Вскоре после операции академию посетил главный наставник по литературе. Он оказался тучным человеком, таким же тучным, как я сейчас. Он сказал:

— Твои уроки воображения длятся дольше, чем у других учеников, между тем здоровье твое не страдает. Что за гости посещают твою темную комнату?

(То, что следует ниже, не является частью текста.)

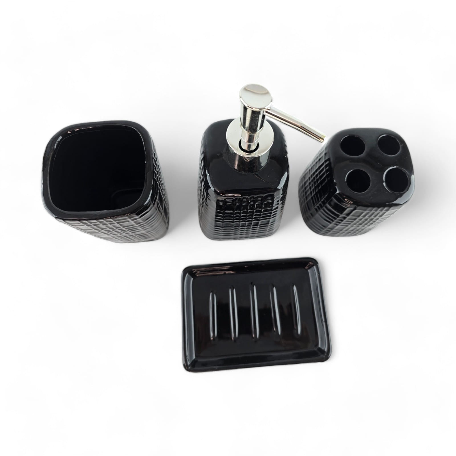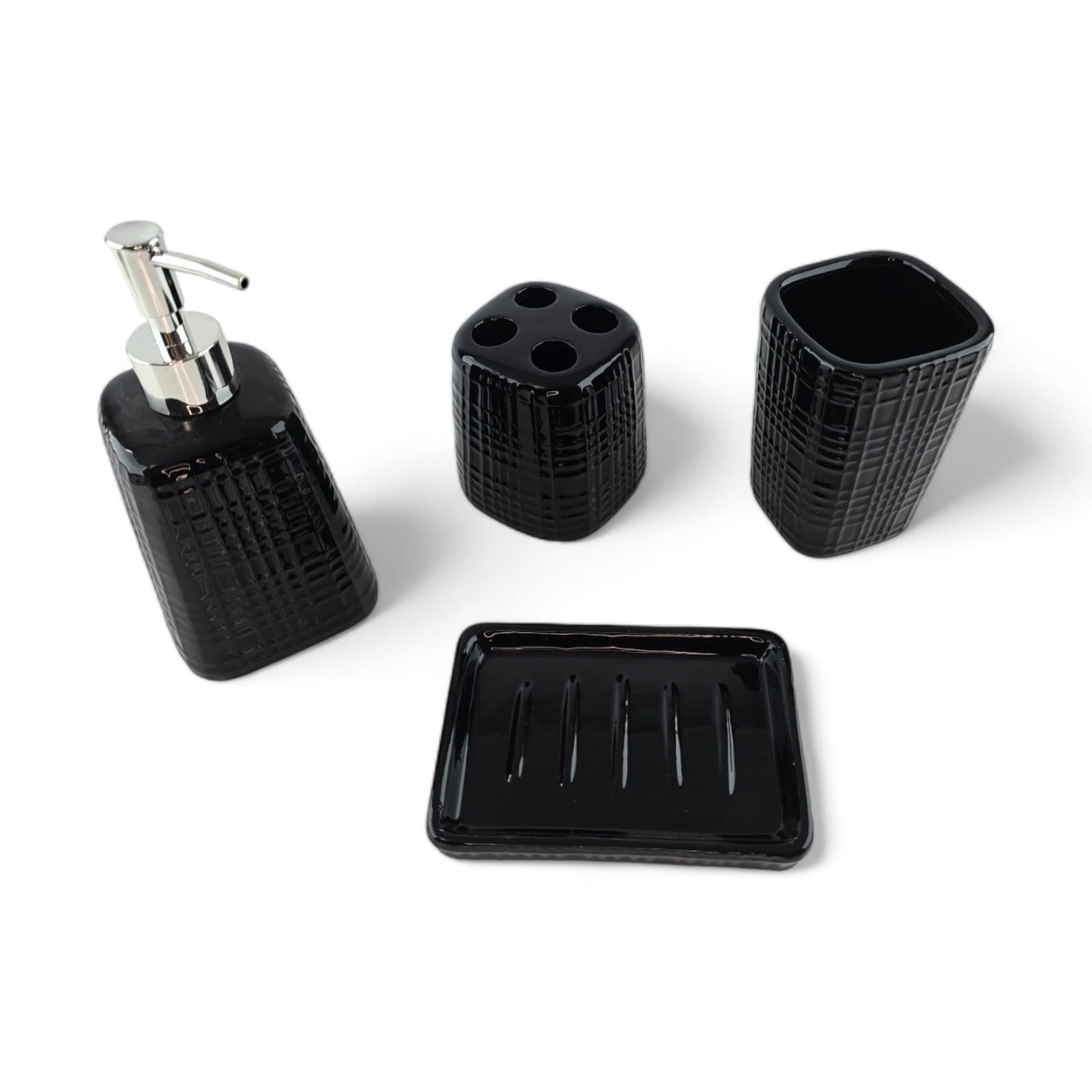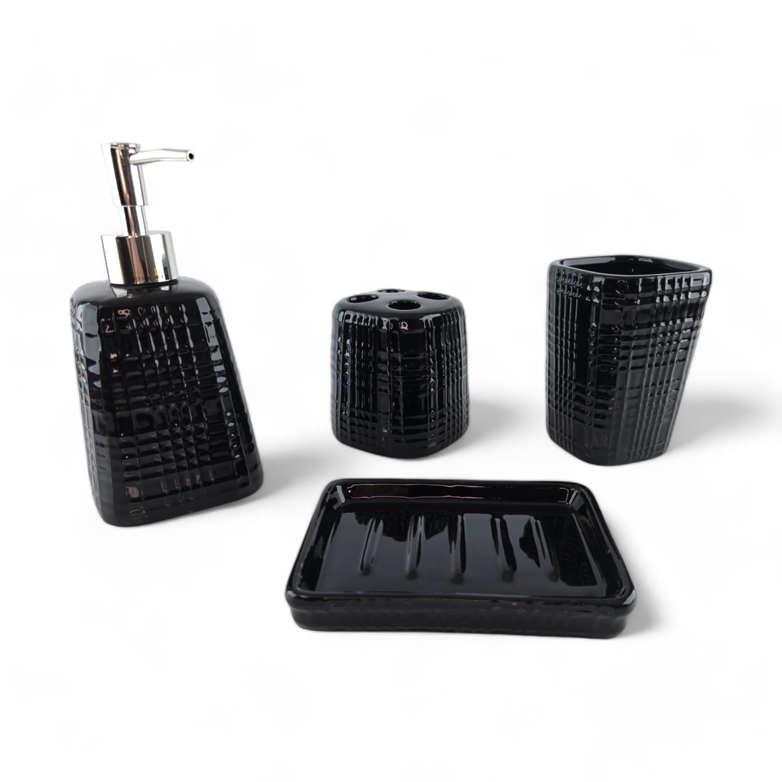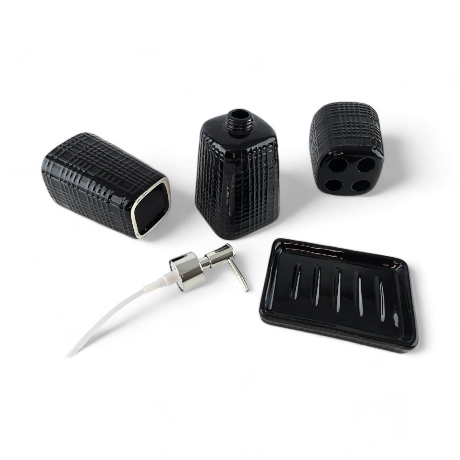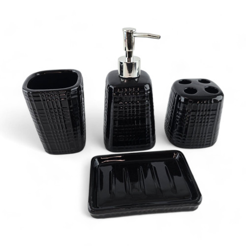 Керамический набор для ванной в черном цвете - это идеальное решение для придания вашей ванной комнате стиля и функциональности.

Я ответил ему. Он задал новые вопросы. Чтобы описать всех, потребовалось несколько дней. Когда я кончил, он немного помолчал, затем спросил:

— Ты понял, к чему тебя готовят подобным образом? Я ответил отрицательно. Он сказал:

— Поэту нужно чувственное, полнокровное раннее детство, усиливающее его вожделения. Но сильные вожделения надо затем направить в узкое русло, иначе получится просто здоровая человеческая особь. Поэтому за насыщенным ранним детством должна последовать пора ученья с ее голодом чувств, особенно любви. Голод побуждает отрока искать любовь там, где она ему еще доступна, — то есть в памяти, где он только и может вкушать ее, и в воображении, где он только и может дарить ее. Этот метод обучения, придуманный мною, либо расширяет, либо губит ум ученика. Ты — моя первая удача. Встань же.

Я повиновался, и он, с трудом нагнувшись, повязал вокруг моих колен темно-зеленые ленты.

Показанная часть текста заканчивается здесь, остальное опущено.